- _Input data_:
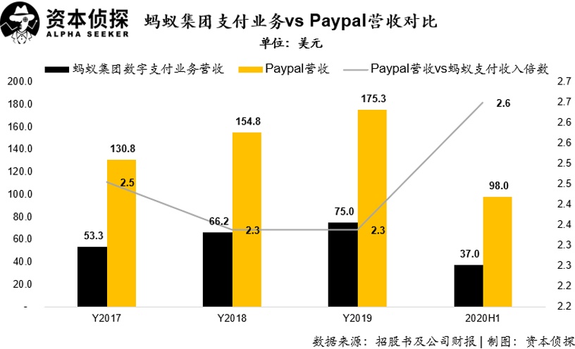 以目前Paypal在美股2382亿美元的二级市场市值(截止上周最后一个交易日后市值),在考虑收入增速及盈利性的同时,按照2.3倍较低倍数计算蚂蚁集团支付业务估值,蚂蚁集团第三方支付业务估值将在1000亿美元上下。
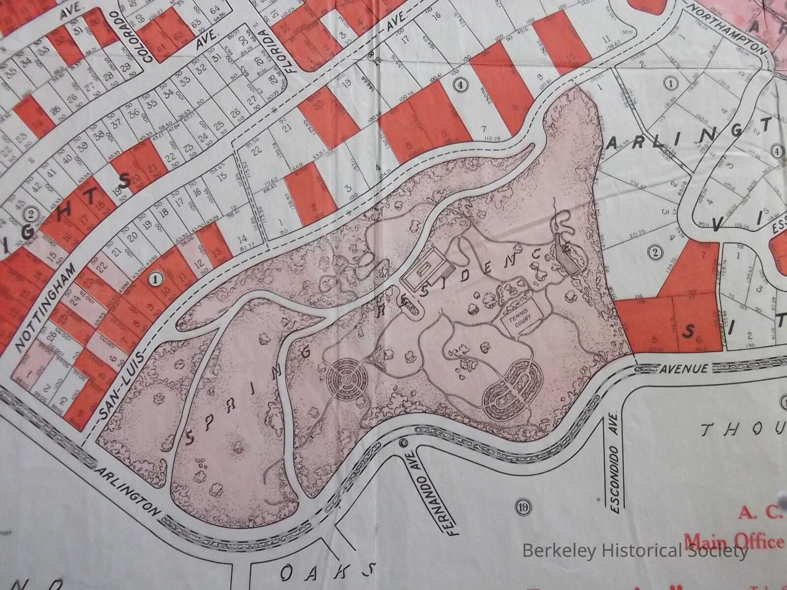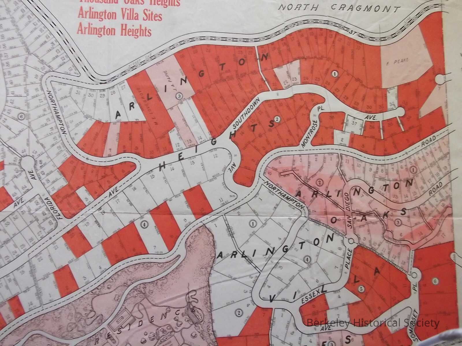 Tract map including Thousand Oaks Heights, Arlington Heights, Arlington Villa, The Most Beautiful, Marine View Property in California. Berkeley Thousand Oaks Realty, adjacent to Berkeley Highlands, North Cragmont, Berkeley Square, Thousand Oaks Court, Take Southern Pacific Electric, Shattuck, California Street Loop or Ninth Street Loop Cars to end of line. Lots sold marked in Red
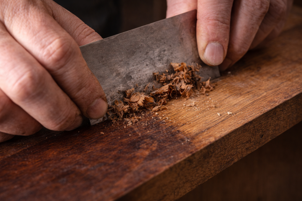 Quando a remoção completa se torna necessária, a técnica correta não é a lixa, mas a rasquetilha. Essa lâmina afiada “barbeia” a superfície, preservando os poros abertos da madeira, algo essencial para acabamentos tradicionais como a goma laca.
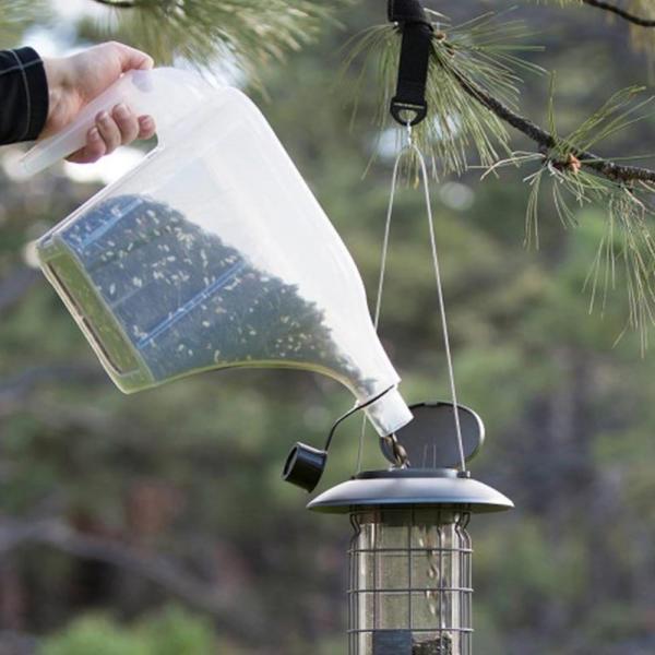 Part of our SureFill No Spill family- an innovative way to make bird feeding easy! The Tote has a 5 lbs. capacity, locking cover to seal tote and protect against infestation. It also stacks for efficient storage, has an easy grip handle for comfortable carrying and a tapered pour spout to fill feeder with no spillage or waste.

- _Try it_:
For this answer, retype the lines from the start of the listing through the line that holds "Tract map including", inclusive, exactly and without pictures.

- _Output of the exercise_:
 以目前Paypal在美股2382亿美元的二级市场市值(截止上周最后一个交易日后市值),在考虑收入增速及盈利性的同时,按照2.3倍较低倍数计算蚂蚁集团支付业务估值,蚂蚁集团第三方支付业务估值将在1000亿美元上下。
 Tract map including Thousand Oaks Heights, Arlington Heights, Arlington Villa, The Most Beautiful, Marine View Property in California. Berkeley Thousand Oaks Realty, adjacent to Berkeley Highlands, North Cragmont, Berkeley Square, Thousand Oaks Court, Take Southern Pacific Electric, Shattuck, California Street Loop or Ninth Street Loop Cars to end of line. Lots sold marked in Red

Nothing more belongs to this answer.